In March 1998, a management buy-in backed by Legal & General Ventures was successfully completed. The buy-in team, none of whom had previously worked at CIX, included Doug Birtley as Managing Director, Niels Gotfredsen as Finance Director, Graham Davies as Sales and Marketing Director, and Lisa Pennington. Frank and Sylvia Thornley agreed to remain with the company for a minimum of three years.

In 2000, CIX was sold to Telenor, a Norwegian telecommunications company. It was rebranded and merged with XTML of Manchester and Norsk Data of Newbury to form the UK arm of Nextra, Telenor's internet subsidiary in the UK.

In June 2002, Telenor outsourced the CIX service to Parkglobe, a company established specifically for this purpose by several long-term CIX staff and directors, including Graham Davies, Charlie Brook, and Mat Sims.

In July 2002, Telenor sold the business to GX Networks, also known as PIPEX.

In February 2001, CIX WCS (Web Conferencing System) was released as a private beta to a select group, followed by a public beta in May 2001.

In 2004, CIX Conferencing was made accessible via a new service, CIX Online, by CIX Online Ltd, providing a web interface as an alternative to the text interface. However, customer acceptance of the web interface was limited compared to the OLRs (Offline Readers — which allowed the upload and download of new messages with message editing performed offline) that most Cixen used.

In April 2007, the first prototype of the CIX Forums website was launched by CIX Online Ltd. This new online method of accessing content was designed to attract more users.

In September 2008, Graham Davies of CIX Online Ltd announced that the API behind CIX Forums would be made available in October 2008, allowing interested parties to create additional user add-ons.

On 25 May 2011, CIX Online Ltd was purchased by ICUK, an ISP, hosting, and telecoms provider formed in November 2001 by a former employee of Compulink Information eXchange Ltd. In its press release, ICUK stated its intention to grow and expand CIX Conferencing for both new and existing users of the two companies.

In April 2012, version 2 of CIX Forums was released. This version included numerous bug fixes, enhancements, speed optimisations, and an improved user interface.

In July 2012, version 3 of CIX Forums was released, featuring further design improvements and a new notification system that allowed users to receive instant replies to messages posted.

==Technical information==
CIX Conferencing is based on the CoSy Conferencing System, although it has been heavily modified by generations of staff to add new features.
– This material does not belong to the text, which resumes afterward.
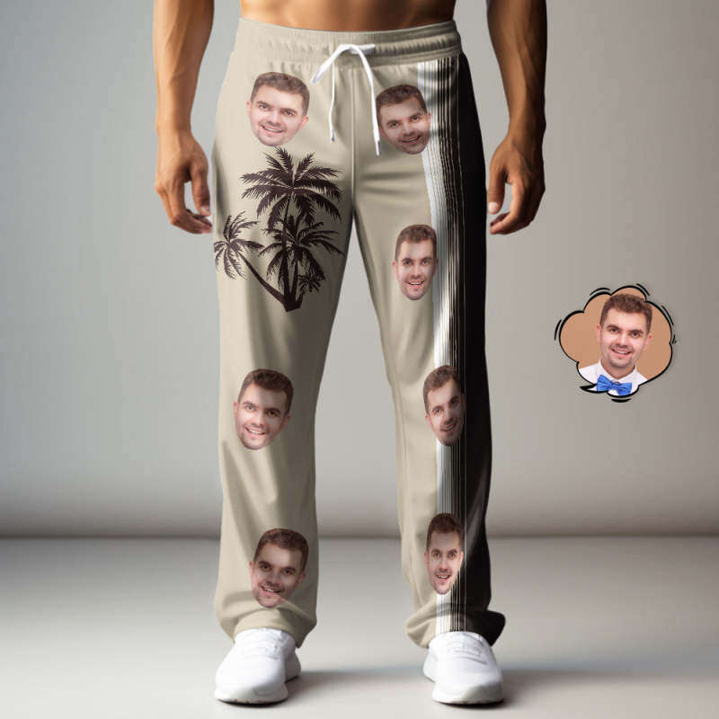Custom Men's Face Sweatpants Gradient Striped Personalised Casual Pants for Him

The CoSy conferencing system used by CIX was initially run on a UNIX server. (This was the same CoSy codebase on which BIX, the US-centric Byte Information eXchange, was based.)

At first, users read the text-based (ISO 8859-1) CIX messages online, but the UK's practice of charging per minute for telephone calls led to the development of offline readers (OLRs). The first CIX OLR was TelePathy (DOS-based), which later developed into the first Windows OLR, WigWam (now an open-source project under the name Virtual Access). The first official Windows OLR for CIX was called Ameol, which stood for A Most Excellent Off-Line Reader. It handled email, CIX conferencing, and Usenet, and is still freely available. It was independently written by Steve Palmer in 1994. The official desktop client is now CIXReader, which runs on Windows 7, 8, 10, and 11, as well as macOS, and is freely available to all subscribers. Many other OLRs, written by CIX users, are also available for other operating systems, such as Nicola for the Amiga and Polar for Psion PDAs. Augur is an open-source OLR designed for CIX.

In 1996, it was decided to port the system to Sun hardware and upgrade the bank of modems. ISDN dial-up access and the ability to use the internet to blink (a term used to collect messages) were also introduced.